Becoming a parent is no walk in the park for anyone and fair enough, there are no exemptions. By the time a child is old enough to differentiate between good and bad, the parent has surely gone through it all. The sudden midnight fever scares, infant temper outbursts, and the 4 a.m. feeding sessions are just a few of the experiences that define a parent.
However, against all the odds, it is during the child’s teen years that most parents become more worried and distressed about their child’s behavior. So, why do teenagers at their puberty conflict with their parents and what should parents do to deal with their kids during their teen years?
Teens in their puberty
Acknowledge the changes they are undergoing
Rightly so, most parents are in more distress about their kids when they hit the puberty mark. Understandably, it is during this period that the teenagers undergo intense developments intellectually, physically and also emotionally. The sudden changes in their bodies tend to impact not only them but also those around them, especially their parents. For this reason, puberty is often a period of conflict between teens and their parents. However, contrary to most people’s perceptions about teens, during this period they tend to be quite idealistic, thoughtful and full of energy. There is no better time for a parent to nurture their kids to grow into the distinctive individuals they will soon become. Nonetheless, to be able to help your child during the teen years, it is important for you to understand how to deal with teens in their puberty.

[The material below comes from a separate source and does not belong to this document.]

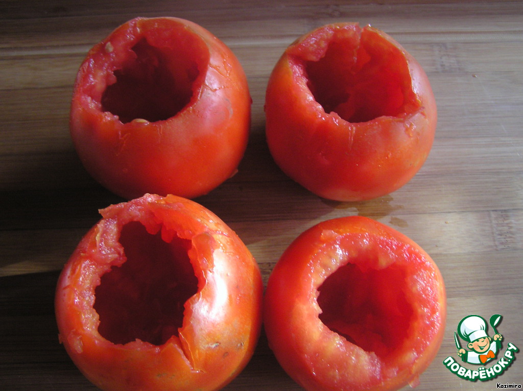 У помидоров удаляем сердцевину, но не выбрасываем её, а разминаем вилкой в отдельной тарелке.

Understand teen years and puberty
It is important to understand that different teens hit their puberty differently from their peers. Therefore, as a parent or guardian, it is important to differentiate between puberty and what is seen as normal development. Whereas some teens may start to bloom early, others may experience the changes later on, whereas others experience a slow- but steady development. Therefore, puberty is not only characterized by the growth or development of sexual attributes such as breasts, pubic hair, menses or facial hair but also other unseen changes as well. Some kids may develop physically before they are even ten years old, as such, these kids may be going through adolescent changes which cannot be seen from the outside.
Give them space
During adolescence, most kids change how they behave around their parents and tend to act more independently. At the same moment, they are trying to fit in among their peers. This is often the main cause of conflict with parents and distress episodes. At this stage, it can be quite uncomfortable to discuss puberty and sex with your child considering he or she is distancing himself or herself further from you. However, the more you speak to them about this topic, the more it becomes easier for both of you.
This way, you can encourage positive behavior and your child can freely ask you about the changes happening to them, which in turn makes it easier for them make it through puberty unscathed. If you are unable to speak to your child, or if he or she is not ready or comfortable speaking to you, you can ask another adult to speak to them on your behalf.
During puberty, teens are continuously seeking and practicing independence. Sudden changes in their bodies make them more wary about their identities and differences between them and their peers. Therefore, parents should try to understand the changes their kids are going through and help them achieve the independence they desire in a positive manner. To help them better, give them room to be by themselves, listen to them and make their opinions count even if they differ from yours.